Mario party star rush coinathlon. Masaru Sato’s score for Yojimbo is just as important as Mifune’s iconic, deceptively-laidback walk and attitude.Don’t forget either that two other writers contributed to this film’s screenplay, or that Tatsuya Nakadai (still alive and working, as of this writing) as Unosuke is a flawless primary antagonist for Mifune’s groundbreaking antihero.Watch if: You want to see a dark horse hero who is about as cool as it gets at the movies.Avoid if: You’d rather see this as a spaghetti western.5. Harakiri (1962)A deeply effecting mediation on hypocrisy, the madness of a code, and similar subjects, Harakiri is one of the most emotionally devastating entries on this list. While this high drama by director Masaki Kobayashi has some memorable fight scenes, particularly close to the end, this is more of a human story than anything else.That is a consistency among most of the best samurai films. It is fascinating to see the various types of character studies that have emerged through the decades. Supported by one of the best samurai movie casts ever assembled, Harakiri maintains a strong current of something we can’t help but relate to. Tatsuya Nakadai as Tsugumo Hanshirō is a key part of that.Watch if: You want to see one of the most compelling dramas in samurai film history.Avoid if: Your preference runs to happy endings.

In which case, you might be in the wrong genre.
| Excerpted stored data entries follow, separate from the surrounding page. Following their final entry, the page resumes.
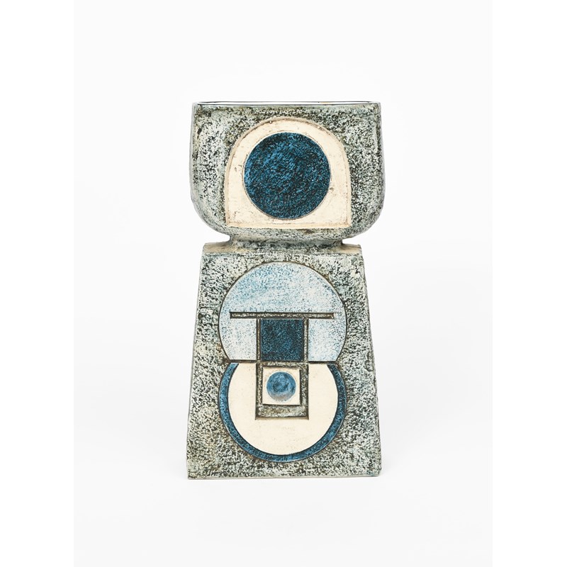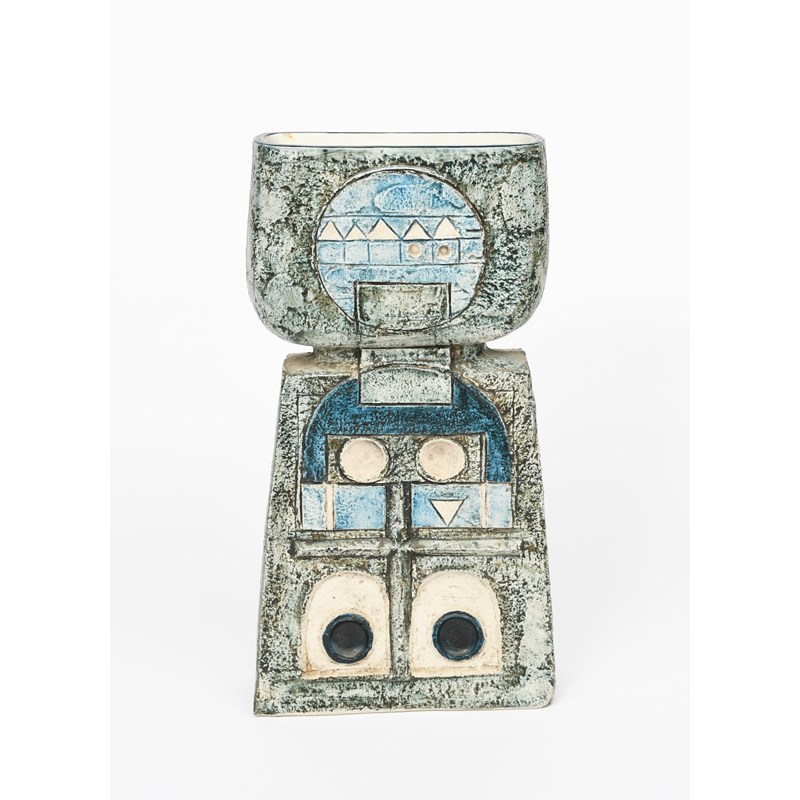 A Troika Pottery Double Base vase by Louise Jinks, cast in low relief with a stylised figure to each side in blue, green and buff painted Troika Cornwall, LJ monogram, 35.5cm. high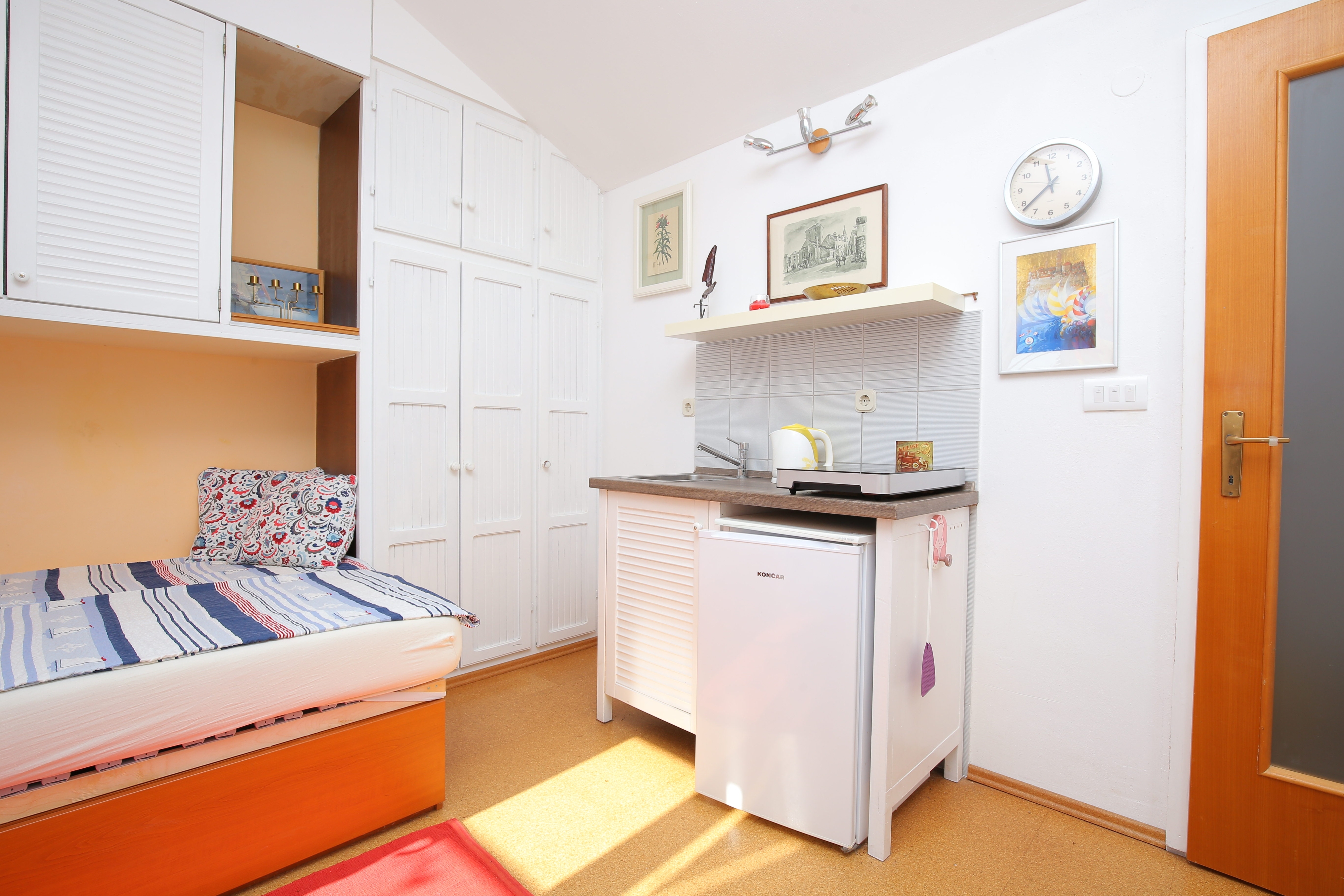 Studio flat can accommodate 2 guests. Beds are situated in 1 sleeping rooms, within 16m2. Guests can use a private terrace to enjoy the warm summer evenings. Food can be prepared using barbecue which is shared with other guests too. INCLUDED IN THE PRICE: tourist tax, final cleaning, air-conditioning, parking, internet, hairdryer, portable barbecue. OBLIGATORY ADDITIONAL COSTS: short stay fee (surcharge depending on a number of booked nights: 30% - 1, 20% - 2, 10% - 3). The availability of additional services for your chosen dates of stay, as well as their prices (if none are listed) must be checked ahead of time. Any additional services not shown in the price calculation are payable directly to the property owner and only if used by the visitor. Discounts to the base price: free day 14=13 (for reservations of 14 or more days you get one free day for the stay until 31122026).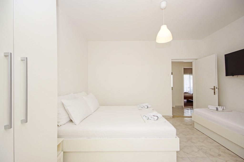 MK apartment is located in the quiet fishing village of Podaca, which has clear sea, mild climate and beautiful beaches. The apartment consists of 2 bedrooms, a large kitchen with dining room, one small balcony and a large one with a sea view. It is located on the 1st floor of the house and covers an area of 100m2. Each bedroom has a double bed and a third bed, as well as a separate bathroom and air conditioning. It is 80 meters from a beautiful concrete beach, and only 200 meters from a natural pebble beach located in the Vala bay. Podaca is connected by highway to cities such as Makarska (30km), Split (98km), Dubrovnik (115km), and nearby is the sanctuary of Međugorje (55km), Kravice Waterfall (65km), and the city of Mostar (85km). It is connected by a promenade to nearby towns such as Zaostrog, Brist and Gradac. Guests have free parking, free WiFi and use of a shared fireplace. Bed linen and 2 towels per person are provided in the apartment. We look forward to your arrival and wish you a pleasant stay and vacation.
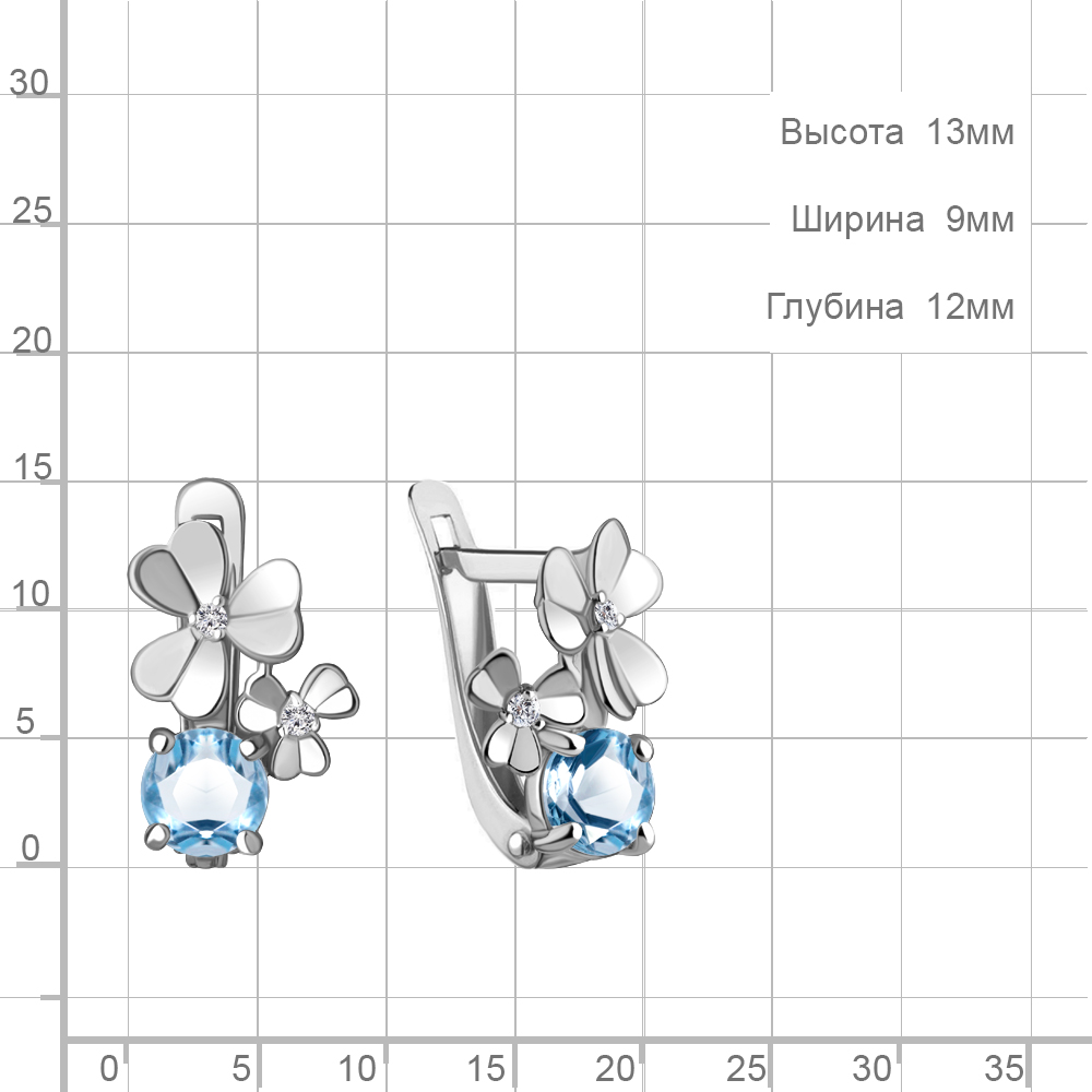 Серьги из серебра с топазами Swiss и фианитами

That purpose was to make a samurai movie that was anchored in ancient Japanese culture and yet argued for a flexible humanism in place of rigid traditions. One of the central truths of 'Seven Samurai' is that the samurai and the villagers who hire them are of different castes and must never mix. Indeed, we learn that these villagers had earlier been hostile to samurai--and one of them, even now, hysterically fears that a samurai will make off with his daughter. Yet the bandits represent a greater threat, and so the samurai are hired, valued and resented in about equal measure.

Why do they take the job? Why, for a handful of rice every day, do they risk their lives? Because that is the job and the nature of the samurai. Both sides are bound by the roles imposed on them by society, and in To the Distant Observer, his study of Japanese films, Noel Burch observes: 'masochistic perseverance in the fulfillment of complex social obligations is a basic cultural trait of Japan.' Not only do the samurai persevere, but so do the bandits, who continue their series of raids even though it is clear the village is well-defended, that they are sustaining heavy losses, and that there must be unprotected villages somewhere close around. Like characters in a Greek tragedy, they perform the roles they have been assigned.

Two of the movie's significant subplots deal with rebellion against social tradition. Kikuchiyo, the high-spirited samurai played by Toshiro Mifune as a rambunctious showoff, was not born a samurai but has jumped caste to become one. And there is a forbidden romance between the samurai Katsushiro (Isao Kimura) and a village girl (ironically, the very daughter whose father was so worried). They love each other, but a farmer's daughter cannot dream of marrying a ronin; when they are found together on the eve of the final battle, however, there are arguments in the village to 'understand the young people,” and an appeal to romance--an appeal designed for modern audiences and unlikely to have carried much weight in the 1600s when the movie is set.